═══ THE RECORDS ═══

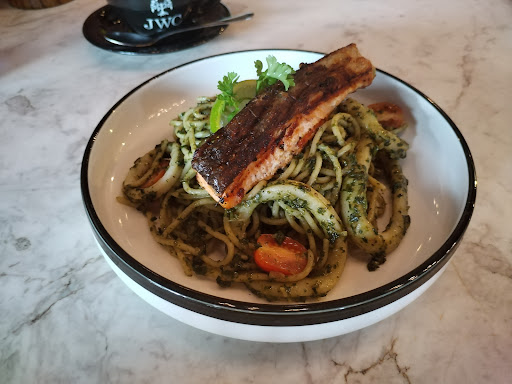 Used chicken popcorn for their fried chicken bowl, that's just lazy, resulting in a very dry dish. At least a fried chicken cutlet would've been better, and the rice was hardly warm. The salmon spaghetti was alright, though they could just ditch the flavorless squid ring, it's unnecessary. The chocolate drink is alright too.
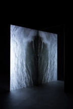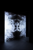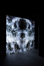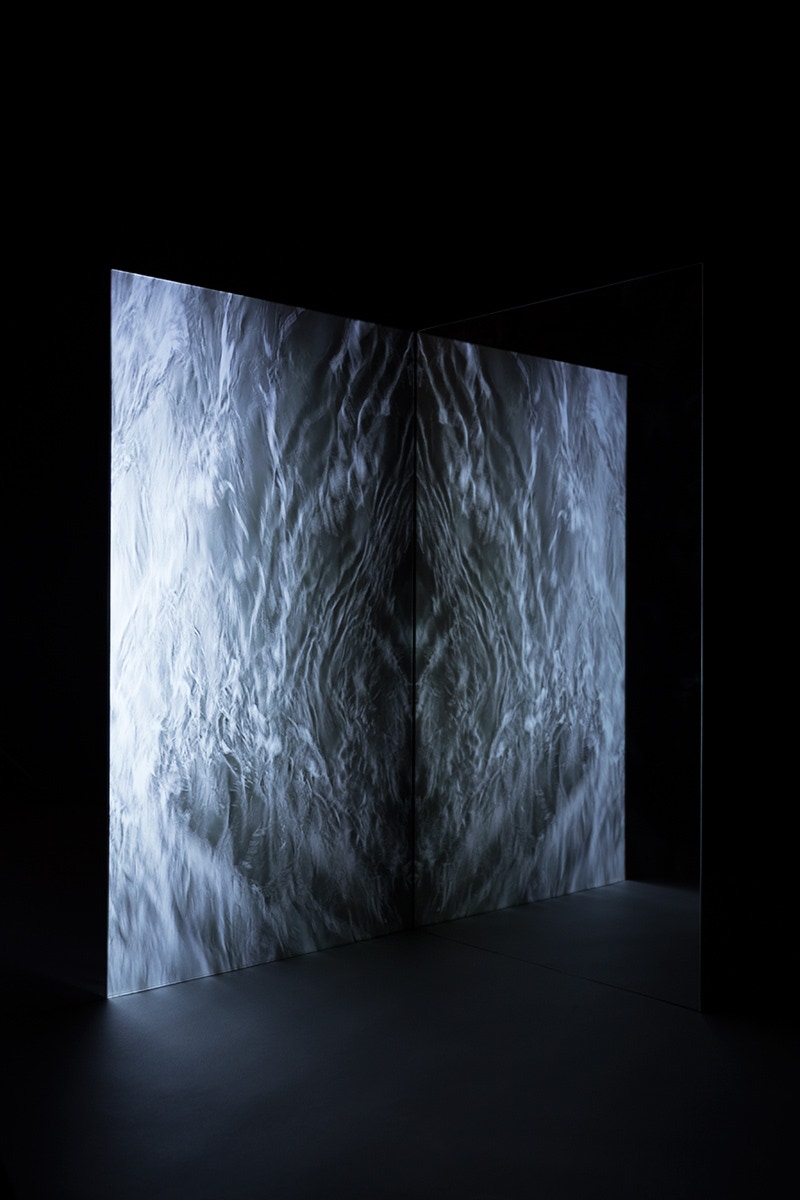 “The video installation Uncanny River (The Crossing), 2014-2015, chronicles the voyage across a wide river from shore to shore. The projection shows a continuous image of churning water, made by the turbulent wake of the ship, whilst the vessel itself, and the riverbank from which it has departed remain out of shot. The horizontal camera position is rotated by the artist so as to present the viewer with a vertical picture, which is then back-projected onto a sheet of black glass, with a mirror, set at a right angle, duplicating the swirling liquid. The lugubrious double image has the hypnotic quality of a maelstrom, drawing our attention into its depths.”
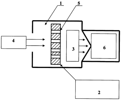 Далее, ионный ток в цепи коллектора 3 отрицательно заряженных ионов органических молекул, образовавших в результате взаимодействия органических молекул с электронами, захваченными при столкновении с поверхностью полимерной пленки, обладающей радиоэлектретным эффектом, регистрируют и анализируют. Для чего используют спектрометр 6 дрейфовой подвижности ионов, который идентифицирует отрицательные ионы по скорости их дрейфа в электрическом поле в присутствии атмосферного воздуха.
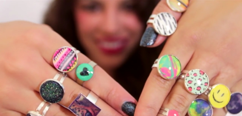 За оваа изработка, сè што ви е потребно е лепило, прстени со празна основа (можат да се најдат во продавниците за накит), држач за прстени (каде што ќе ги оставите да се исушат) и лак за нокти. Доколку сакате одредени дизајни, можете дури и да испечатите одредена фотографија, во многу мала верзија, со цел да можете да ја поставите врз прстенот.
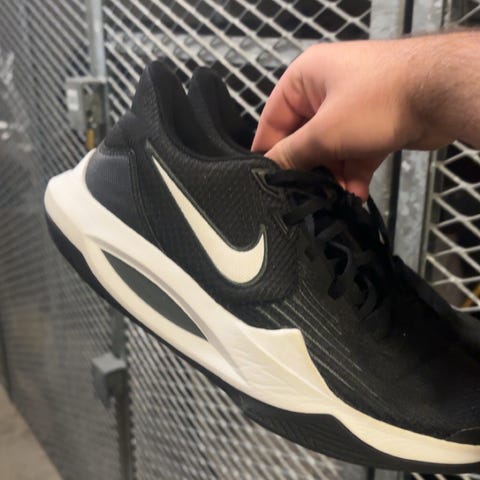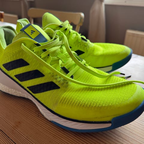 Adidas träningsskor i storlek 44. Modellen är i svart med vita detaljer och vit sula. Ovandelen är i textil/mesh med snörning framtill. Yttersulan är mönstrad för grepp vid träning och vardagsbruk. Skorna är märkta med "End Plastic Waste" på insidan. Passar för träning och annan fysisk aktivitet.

═══

__REQUIREMENT__:
Lines from the one with "Далее, ионный ток" through the final line of the records are the whole answer; print them exactly, minus any pictures.

__SOLUTION TO THIS PROBLEM__:
 Далее, ионный ток в цепи коллектора 3 отрицательно заряженных ионов органических молекул, образовавших в результате взаимодействия органических молекул с электронами, захваченными при столкновении с поверхностью полимерной пленки, обладающей радиоэлектретным эффектом, регистрируют и анализируют. Для чего используют спектрометр 6 дрейфовой подвижности ионов, который идентифицирует отрицательные ионы по скорости их дрейфа в электрическом поле в присутствии атмосферного воздуха.
 За оваа изработка, сè што ви е потребно е лепило, прстени со празна основа (можат да се најдат во продавниците за накит), држач за прстени (каде што ќе ги оставите да се исушат) и лак за нокти. Доколку сакате одредени дизајни, можете дури и да испечатите одредена фотографија, во многу мала верзија, со цел да можете да ја поставите врз прстенот.
 Adidas träningsskor i storlek 44. Modellen är i svart med vita detaljer och vit sula. Ovandelen är i textil/mesh med snörning framtill. Yttersulan är mönstrad för grepp vid träning och vardagsbruk. Skorna är märkta med "End Plastic Waste" på insidan. Passar för träning och annan fysisk aktivitet.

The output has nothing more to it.